Each entry below is to be restated word for word, with no pictures carried over.

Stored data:
▶
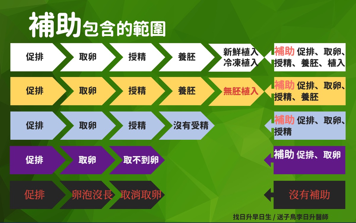 每個療程,如果順利進行,就可以補助「促排、取卵、授精、養胚、植入」。
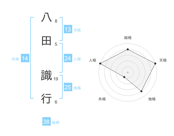 八田 識行さんの総格は38画の4点!
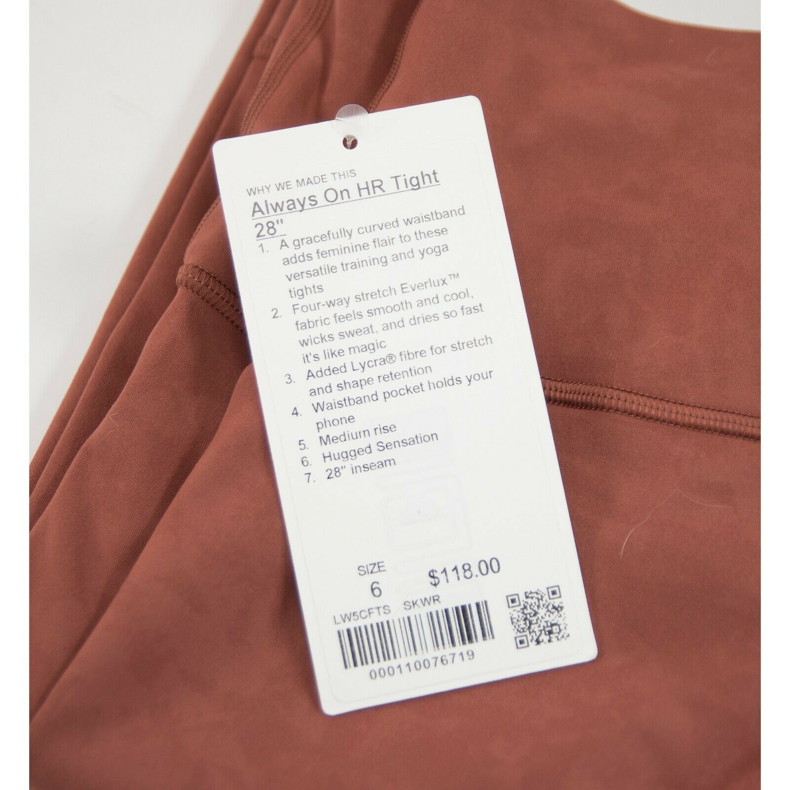 Lululemon Rust Soft Always On HR Split Waist Tight Fitted Leggings NWT Size 6
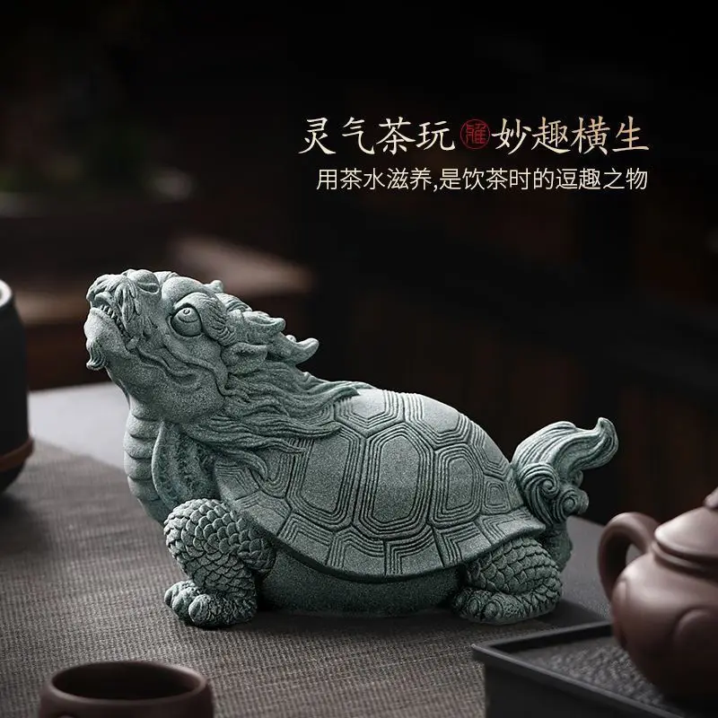 Auspicious Beast, Chinese-style Basalt Dragon Turtle Tea Pet Ornament
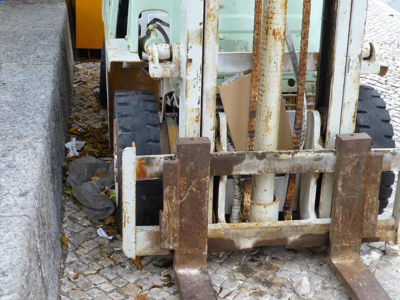 Apreciando o monstro, a ferrugem e o mau estado dos pneus e das correntes, os comandos e o conjunto, tudo leva a crer que estamos perante um abandono, em pleno passeio, causando admiração que ninguém com responsabilidades, nomeadamente a polícia municipal, tome as medidas para o espaço ser limpo.
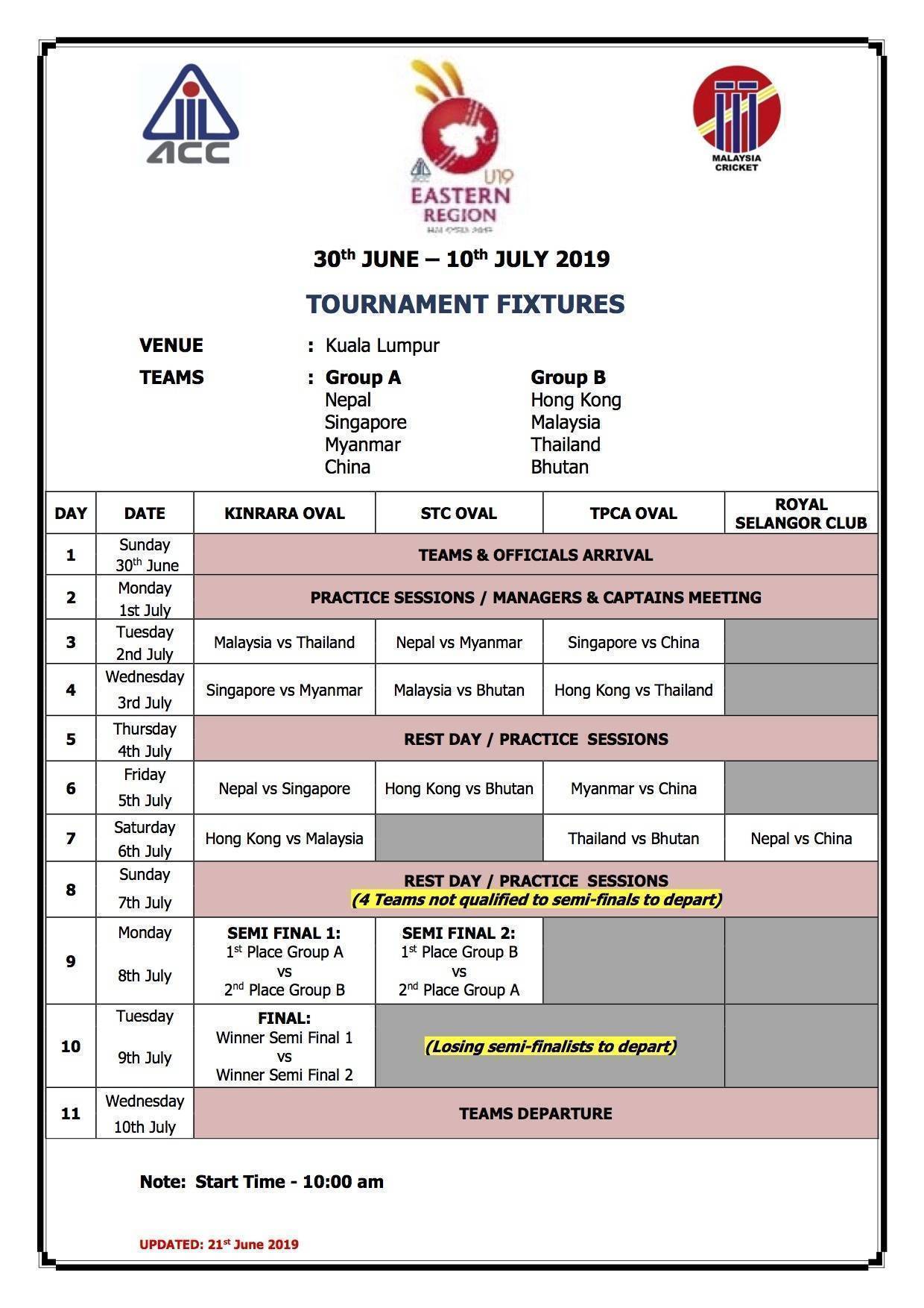 On Wednesday 26th June the Hong Kong National Under 19 Team headed to Kuala Lumpur, Malaysia for the Asian Cricket Council Under 19 Eastern Region Tournament.
◀
Your response:
 每個療程,如果順利進行,就可以補助「促排、取卵、授精、養胚、植入」。
 八田 識行さんの総格は38画の4点!
 Lululemon Rust Soft Always On HR Split Waist Tight Fitted Leggings NWT Size 6
 Auspicious Beast, Chinese-style Basalt Dragon Turtle Tea Pet Ornament
 Apreciando o monstro, a ferrugem e o mau estado dos pneus e das correntes, os comandos e o conjunto, tudo leva a crer que estamos perante um abandono, em pleno passeio, causando admiração que ninguém com responsabilidades, nomeadamente a polícia municipal, tome as medidas para o espaço ser limpo.
 On Wednesday 26th June the Hong Kong National Under 19 Team headed to Kuala Lumpur, Malaysia for the Asian Cricket Council Under 19 Eastern Region Tournament.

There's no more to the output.